Angel likes the offering from Gateway Alliance, a cooperative of nodes owners, and clicks on the 'join' link. She is redirected to GWA's enrollment server, where she creates an account, provides payment details, and agrees to GWA's terms of service. She then navigates to the administrative interface of the node installed aboard The Esmeralda, and configures GWA as her gateway provider, entering credentials obtained during the enrollment process. A configuration is generated which will automatically authenticate against GWA's auth server using the provided credentials. Because the node aboard The Esmeralda is serving as an access point and performing NAT, the gateway sees all Esmeralda LAN traffic as coming from the router. When the node aboard The Esmeralda authenticates, the auth server of GWA informs GWA's edge router that traffic originating from The Esmeralda's IP address should be allowed to pass through to the internet. Angel can have whatever security settings (WPA2, etc) that she wants on the WLAN, or leave it open -- all traffic will be dropped into VLAN 10, routed to GWA's edge server, and treated as belonging to The Esmeralda (and Angel) by GWA. The node aboard Esmeralda sends periodic accounting updates to the GWA radius server, which include aggregate internet-bound bytes transmitted and received. GWA does not log any other data. At the end of each month Angel gets a bill for whatever internet traffic she and her guests aboard the houseboat have generated.
User Provisioned Access
Bart, who also keeps a boat in the Marina, doesn't necessarily want to install a node on his boat, Hesia, but would definitely like access in the Marina's Cafe, where he tends to spend his afternoons computing and drinking. The Marina owners, when installing the cafe access point, configured it for AutoTunnel public access - it runs two virtual access points: one that is open, and one that is secured using 802.1x and WPA-Enterprise. All traffic on the open network is seen as unauthenticated by all AT-compliant gateway providers. When Bart join the open network in the cafe, and tries to go to his favorite site, he is redirected to the FNX splash page, where he chooses to enroll with Gateway Brotherhood.

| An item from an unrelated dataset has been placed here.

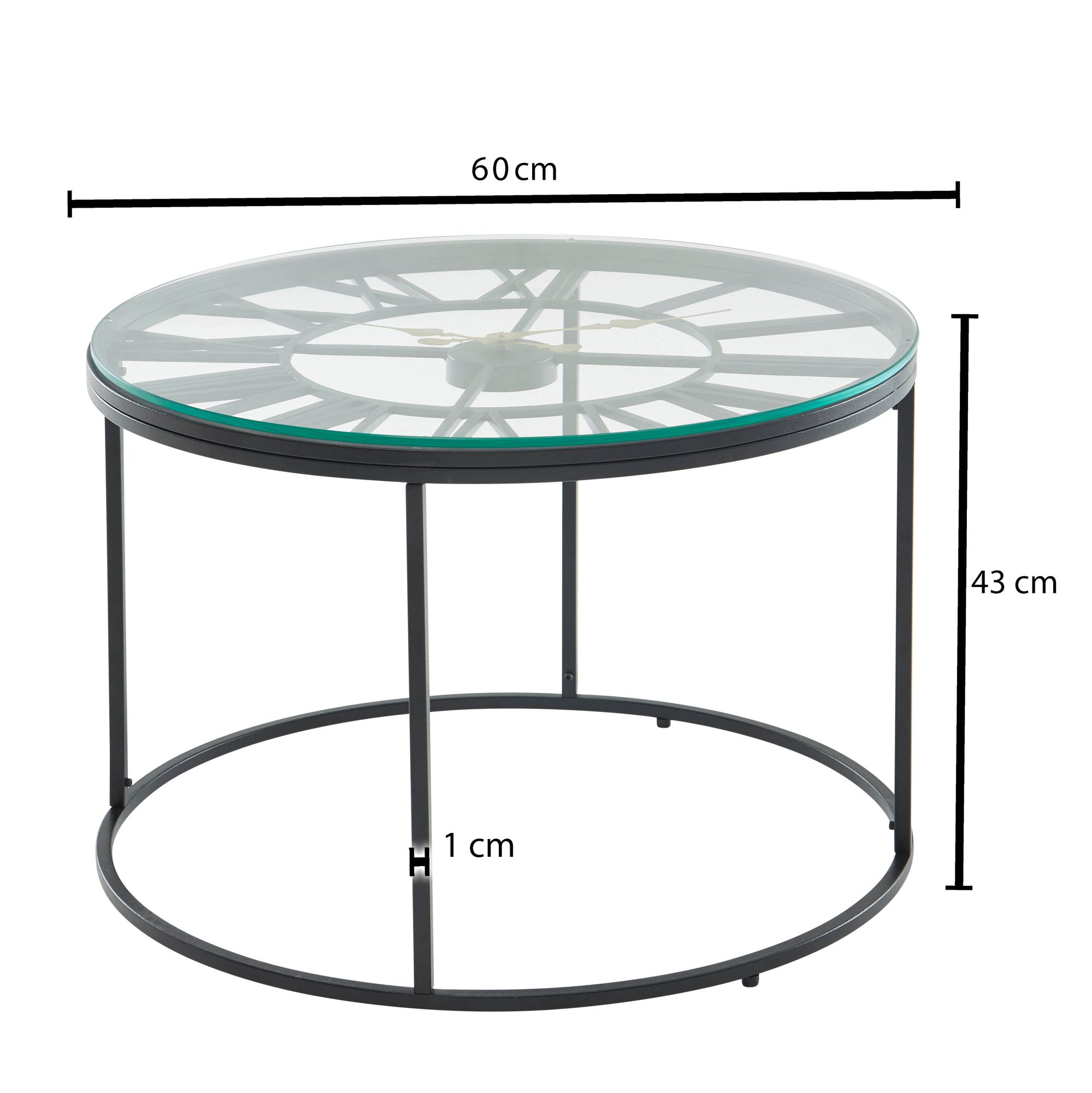 Productinformatie "Salontafel Glas Metaal Zwart 60x60x43 cm | Moderne Ronde Woonkamertafel met Decoratieve Klok"

After completing the enrollment process, he is provided credentials that he can use to join the 802.1x secured network. When he attempts to do so, an auth request is sent by the cafe access point either to the nearest auth server directly, or to 'auth.fnx.net' -- which any AT-compliant dns server will resolve in a round-robin manner to a randomly selected AT-compliant auth server on the network. The auth request, which contains the username '[email protected]' is examined by the selected auth server. If the auth server does not belong to GWB, it will proxy the request to auth.gwb.net. Once auth.gwb.net determines that bart's credentials are correct, it sends an access-accept message to the access point in the cafe, specifying that Bart should be placed in VLAN 20, and that all internet-bound traffic from VLAN 20 should be directed to qmp-gwb, which will forward it to GWB's edge router. Packets that come in over VLAN 20 are marked with a '20', a default route via qmp-gwb is placed in routing table 20 on the access point, and a routing rule is created that say that if no specific route to the destination exists, then traffic marked with a 20 should be sent to qmp-gwb. The access point in the cafe send periodic accounting update to the the radius server of GWB, indicating Bart's aggregate internet use. GWB tracks this usage, and sends Bart a bill at the end of the month.
Angel, from the use case above, can make use of the access point in the cafe. She has only to enter the same credentials which she configured on the node aboard the Esmeralda into the 802.1x prompt, and auth.gwa.net will inform the access point that she should be placed in VLAN 10, and that her internet traffic should be sent to qmp-gwa.